Work task –
The data should be written out in full, exactly as it stands, and the pictures dropped.

Record excerpts –
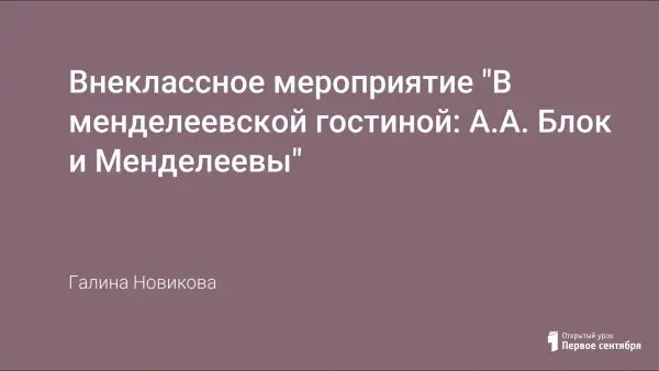 Целью встречи в гостиной является приобщение учащихся к русской истории и культуре начала XX века, пробуждение познавательного интереса к выдающимся деятелям науки и литературы. В работе представлен сценарий "гостиной" для старшеклассников, посвященный вечным человеческим ценностям, которые символизируют отношение к женщине, матери, Родине как выражение сокровенного, нравственно чистого, гуманного. В основе лежит история взаимоотношений А.Блока и Л.Д. Менделеевой, вошедшей в историю под именем Прекрасной Дамы.
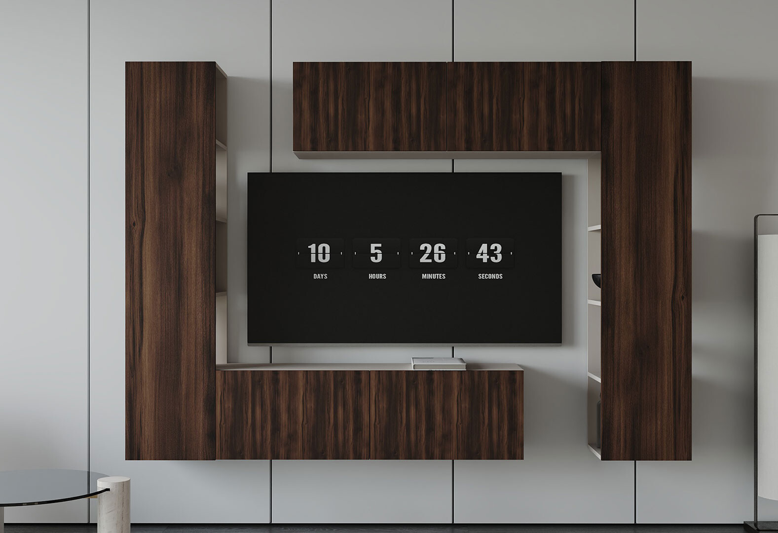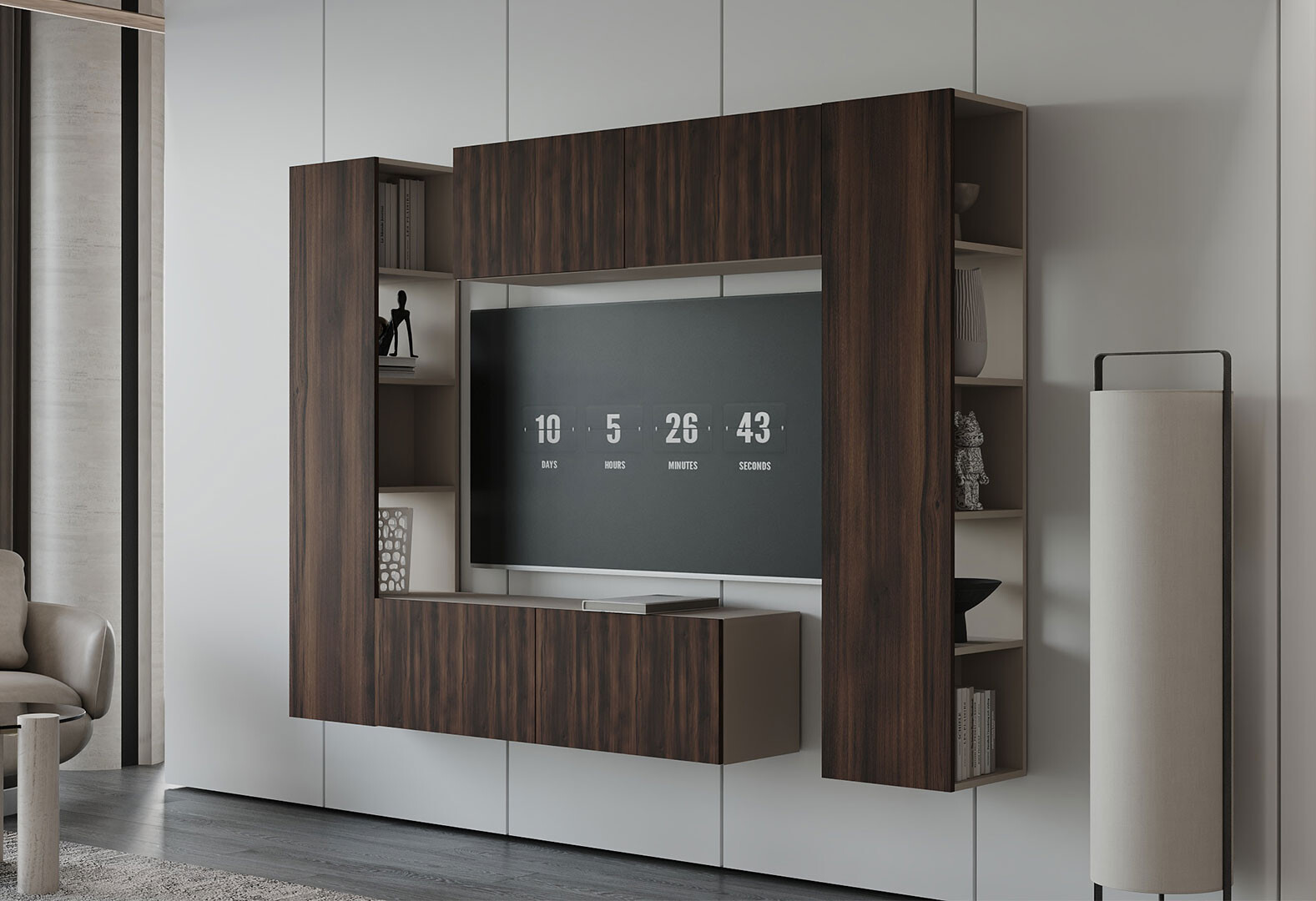 Вітальня Viant ВТ-1 з тумбою і пеналом з полицями 220 см, кашемір / дуб рістретто
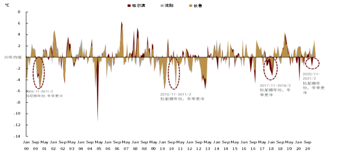 ► 天气因素扰动或将加剧相关农产品价格波动。2000年后,北半球冬季共发生6次拉尼娜气候,我们发现,CBOT大豆价格在拉尼娜冬季(当年11月-次年2月)有5次发生上涨,平均价格上涨18.2%(20年同期平均涨幅为8.2%);CBOT小麦价格有6次发生上涨,平均价格上涨16.3%(20年同期平均涨幅为8.2%)。
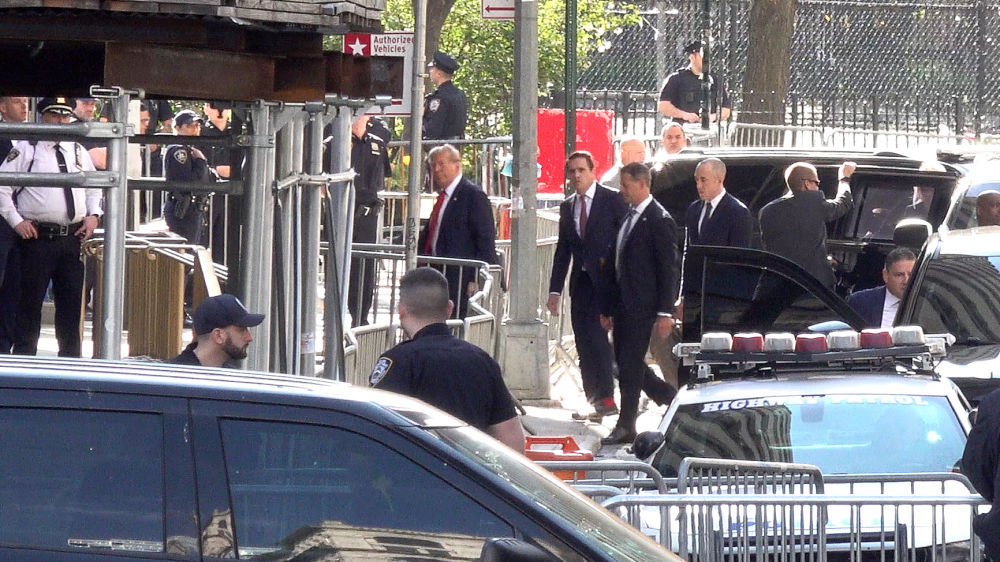 这张4月15日的视频截图显示,特朗普抵达纽约曼哈顿一家刑事法院出庭。新华社记者丁晔摄
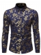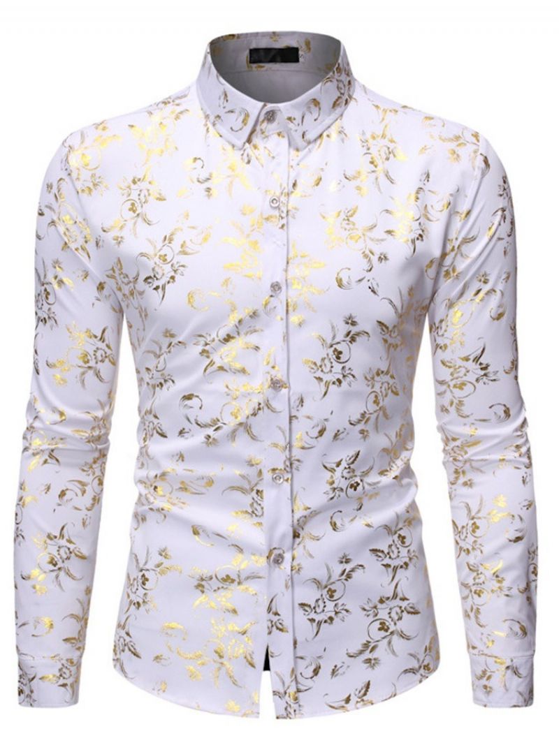 Color Block Single-Breasted Lapel Print Slim Shirt Til Mænd

Solution –
 Целью встречи в гостиной является приобщение учащихся к русской истории и культуре начала XX века, пробуждение познавательного интереса к выдающимся деятелям науки и литературы. В работе представлен сценарий "гостиной" для старшеклассников, посвященный вечным человеческим ценностям, которые символизируют отношение к женщине, матери, Родине как выражение сокровенного, нравственно чистого, гуманного. В основе лежит история взаимоотношений А.Блока и Л.Д. Менделеевой, вошедшей в историю под именем Прекрасной Дамы.
 Вітальня Viant ВТ-1 з тумбою і пеналом з полицями 220 см, кашемір / дуб рістретто
 ► 天气因素扰动或将加剧相关农产品价格波动。2000年后,北半球冬季共发生6次拉尼娜气候,我们发现,CBOT大豆价格在拉尼娜冬季(当年11月-次年2月)有5次发生上涨,平均价格上涨18.2%(20年同期平均涨幅为8.2%);CBOT小麦价格有6次发生上涨,平均价格上涨16.3%(20年同期平均涨幅为8.2%)。
 这张4月15日的视频截图显示,特朗普抵达纽约曼哈顿一家刑事法院出庭。新华社记者丁晔摄
 Color Block Single-Breasted Lapel Print Slim Shirt Til Mænd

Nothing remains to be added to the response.